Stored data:
== Segment start ==
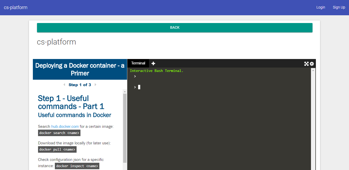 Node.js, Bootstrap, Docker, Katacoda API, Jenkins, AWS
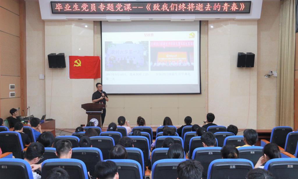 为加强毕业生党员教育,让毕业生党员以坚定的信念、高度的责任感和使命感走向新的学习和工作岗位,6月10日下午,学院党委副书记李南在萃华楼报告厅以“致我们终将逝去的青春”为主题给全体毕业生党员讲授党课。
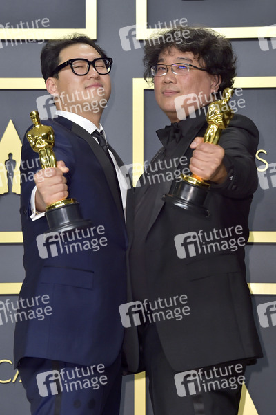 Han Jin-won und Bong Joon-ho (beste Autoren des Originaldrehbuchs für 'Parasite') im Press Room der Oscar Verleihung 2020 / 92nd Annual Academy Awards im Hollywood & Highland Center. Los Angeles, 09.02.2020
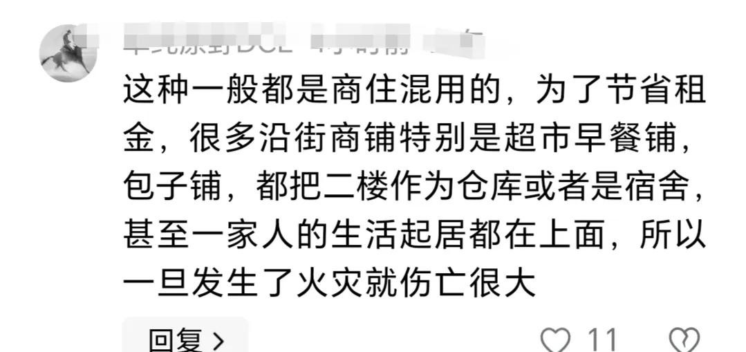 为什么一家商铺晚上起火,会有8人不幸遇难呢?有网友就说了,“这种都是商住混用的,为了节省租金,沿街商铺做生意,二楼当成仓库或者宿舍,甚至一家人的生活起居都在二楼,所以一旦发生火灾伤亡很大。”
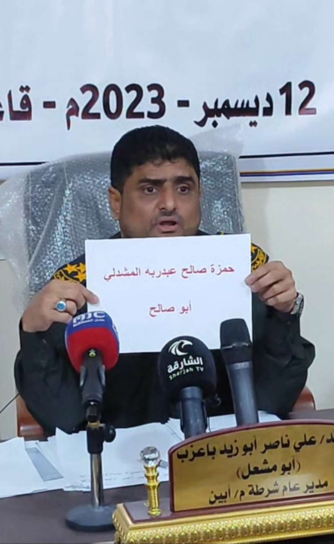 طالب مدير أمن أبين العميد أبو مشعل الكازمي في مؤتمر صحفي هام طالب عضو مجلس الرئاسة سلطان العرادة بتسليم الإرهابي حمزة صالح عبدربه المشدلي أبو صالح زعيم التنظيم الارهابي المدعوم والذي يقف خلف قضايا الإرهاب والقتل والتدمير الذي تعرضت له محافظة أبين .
== Segment end ==
== Segment start ==
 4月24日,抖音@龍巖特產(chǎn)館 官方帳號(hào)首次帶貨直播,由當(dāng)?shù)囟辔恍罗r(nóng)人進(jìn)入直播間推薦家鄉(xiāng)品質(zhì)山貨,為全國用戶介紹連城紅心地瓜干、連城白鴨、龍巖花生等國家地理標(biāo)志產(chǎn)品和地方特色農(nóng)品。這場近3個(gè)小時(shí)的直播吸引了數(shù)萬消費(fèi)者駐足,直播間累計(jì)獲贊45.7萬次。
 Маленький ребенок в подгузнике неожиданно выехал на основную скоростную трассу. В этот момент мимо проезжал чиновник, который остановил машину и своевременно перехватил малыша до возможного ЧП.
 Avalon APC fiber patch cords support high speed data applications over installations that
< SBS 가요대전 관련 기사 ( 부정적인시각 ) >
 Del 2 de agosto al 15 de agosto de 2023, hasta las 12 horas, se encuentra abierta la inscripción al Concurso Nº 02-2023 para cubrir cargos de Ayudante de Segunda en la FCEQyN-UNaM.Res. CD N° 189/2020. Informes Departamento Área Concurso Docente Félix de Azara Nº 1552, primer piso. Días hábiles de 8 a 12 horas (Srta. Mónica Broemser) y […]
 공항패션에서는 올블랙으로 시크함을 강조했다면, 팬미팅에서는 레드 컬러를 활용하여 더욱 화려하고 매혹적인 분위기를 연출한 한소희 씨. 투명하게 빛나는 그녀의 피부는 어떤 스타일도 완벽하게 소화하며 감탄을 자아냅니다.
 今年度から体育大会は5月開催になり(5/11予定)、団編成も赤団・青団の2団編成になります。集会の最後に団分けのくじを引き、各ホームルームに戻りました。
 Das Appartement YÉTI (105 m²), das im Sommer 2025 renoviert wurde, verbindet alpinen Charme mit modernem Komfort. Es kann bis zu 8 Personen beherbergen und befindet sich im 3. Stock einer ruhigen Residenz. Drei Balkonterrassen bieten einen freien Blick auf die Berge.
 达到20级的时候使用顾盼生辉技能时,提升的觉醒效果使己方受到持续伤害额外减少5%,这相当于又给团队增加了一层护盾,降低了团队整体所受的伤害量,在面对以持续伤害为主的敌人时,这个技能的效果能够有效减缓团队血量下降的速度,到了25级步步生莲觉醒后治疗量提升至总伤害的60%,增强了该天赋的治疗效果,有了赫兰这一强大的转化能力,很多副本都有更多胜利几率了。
== Segment end ==
YOUR GOAL: Starting at the line containing "Node.js, Bootstrap, Docker, Katacoda" and stopping at the line containing "طالب مدير أمن", output every line above exactly, both ends included, with pictures omitted.

FINISHED TASK:
 Node.js, Bootstrap, Docker, Katacoda API, Jenkins, AWS
 为加强毕业生党员教育,让毕业生党员以坚定的信念、高度的责任感和使命感走向新的学习和工作岗位,6月10日下午,学院党委副书记李南在萃华楼报告厅以“致我们终将逝去的青春”为主题给全体毕业生党员讲授党课。
 Han Jin-won und Bong Joon-ho (beste Autoren des Originaldrehbuchs für 'Parasite') im Press Room der Oscar Verleihung 2020 / 92nd Annual Academy Awards im Hollywood & Highland Center. Los Angeles, 09.02.2020
 为什么一家商铺晚上起火,会有8人不幸遇难呢?有网友就说了,“这种都是商住混用的,为了节省租金,沿街商铺做生意,二楼当成仓库或者宿舍,甚至一家人的生活起居都在二楼,所以一旦发生火灾伤亡很大。”
 طالب مدير أمن أبين العميد أبو مشعل الكازمي في مؤتمر صحفي هام طالب عضو مجلس الرئاسة سلطان العرادة بتسليم الإرهابي حمزة صالح عبدربه المشدلي أبو صالح زعيم التنظيم الارهابي المدعوم والذي يقف خلف قضايا الإرهاب والقتل والتدمير الذي تعرضت له محافظة أبين .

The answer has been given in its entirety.